**INPUT RECORDS:**
----

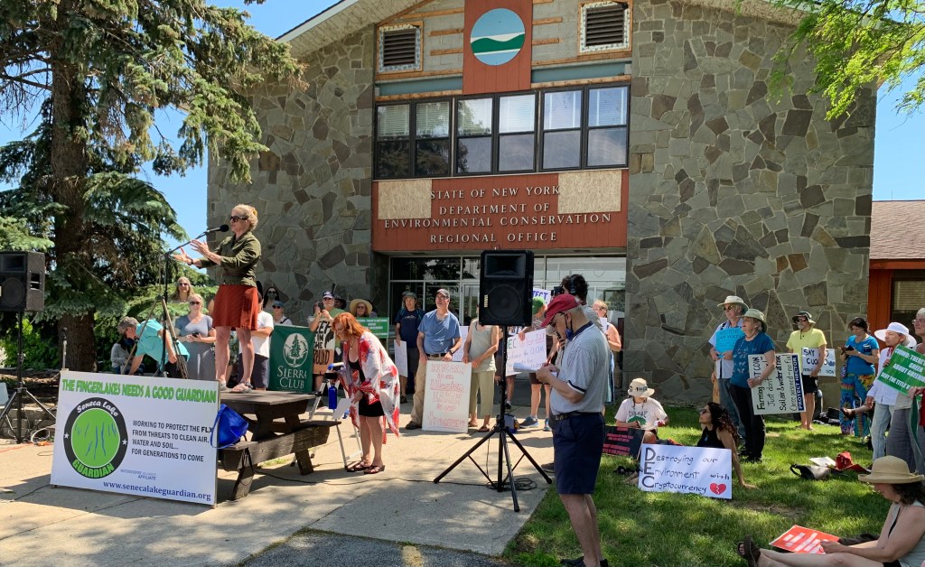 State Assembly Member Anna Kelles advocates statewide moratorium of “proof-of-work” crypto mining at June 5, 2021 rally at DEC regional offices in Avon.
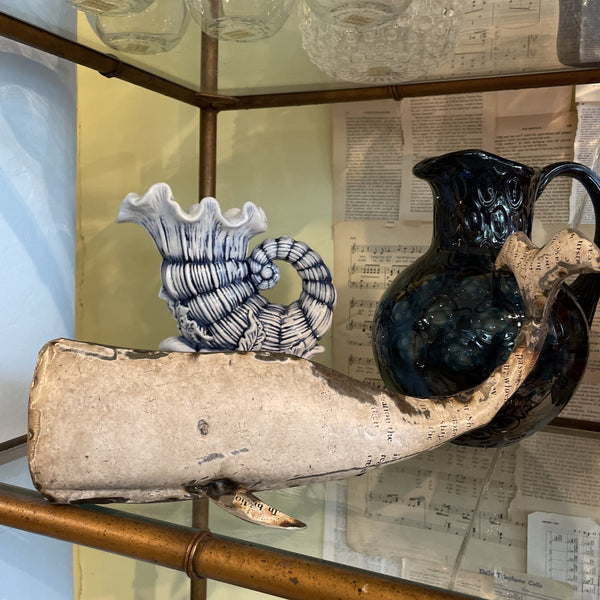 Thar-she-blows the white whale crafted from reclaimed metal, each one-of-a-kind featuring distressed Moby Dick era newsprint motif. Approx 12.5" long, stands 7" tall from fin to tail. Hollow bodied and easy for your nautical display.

----

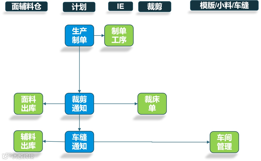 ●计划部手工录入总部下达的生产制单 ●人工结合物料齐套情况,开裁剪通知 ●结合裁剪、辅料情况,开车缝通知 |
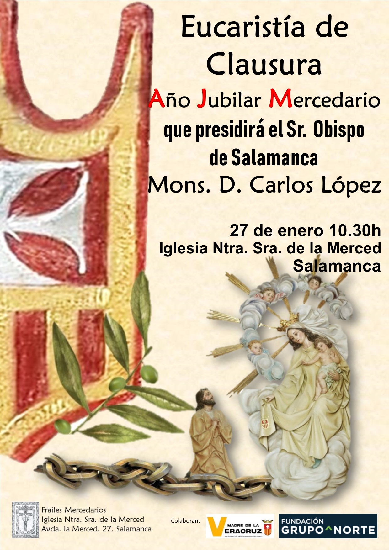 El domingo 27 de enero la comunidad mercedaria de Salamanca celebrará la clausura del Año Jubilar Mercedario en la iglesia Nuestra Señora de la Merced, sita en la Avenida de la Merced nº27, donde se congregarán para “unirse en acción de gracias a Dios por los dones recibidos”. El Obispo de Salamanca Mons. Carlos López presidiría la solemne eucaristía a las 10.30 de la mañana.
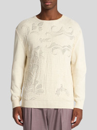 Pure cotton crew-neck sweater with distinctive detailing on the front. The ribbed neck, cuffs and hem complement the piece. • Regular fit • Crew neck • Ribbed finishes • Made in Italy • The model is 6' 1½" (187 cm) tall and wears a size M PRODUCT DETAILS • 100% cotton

----

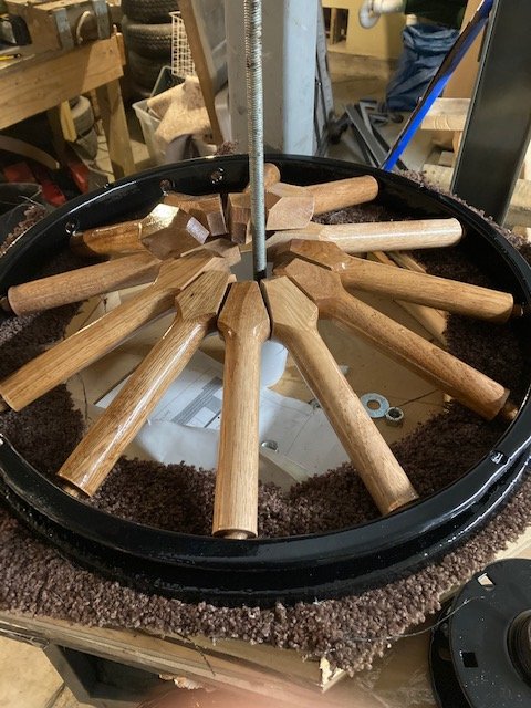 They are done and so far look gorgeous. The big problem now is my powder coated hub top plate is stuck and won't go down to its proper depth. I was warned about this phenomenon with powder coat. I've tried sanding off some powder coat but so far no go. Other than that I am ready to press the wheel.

----

**TASK OBJECTIVE:** Once the line with "El domingo 27" is found above, print it and every line after it through the line with "Pure cotton crew-neck", exactly. Pictures stay out.

**RESPONSE FOR THIS EXERCISE:**
 El domingo 27 de enero la comunidad mercedaria de Salamanca celebrará la clausura del Año Jubilar Mercedario en la iglesia Nuestra Señora de la Merced, sita en la Avenida de la Merced nº27, donde se congregarán para “unirse en acción de gracias a Dios por los dones recibidos”. El Obispo de Salamanca Mons. Carlos López presidiría la solemne eucaristía a las 10.30 de la mañana.
 Pure cotton crew-neck sweater with distinctive detailing on the front. The ribbed neck, cuffs and hem complement the piece. • Regular fit • Crew neck • Ribbed finishes • Made in Italy • The model is 6' 1½" (187 cm) tall and wears a size M PRODUCT DETAILS • 100% cotton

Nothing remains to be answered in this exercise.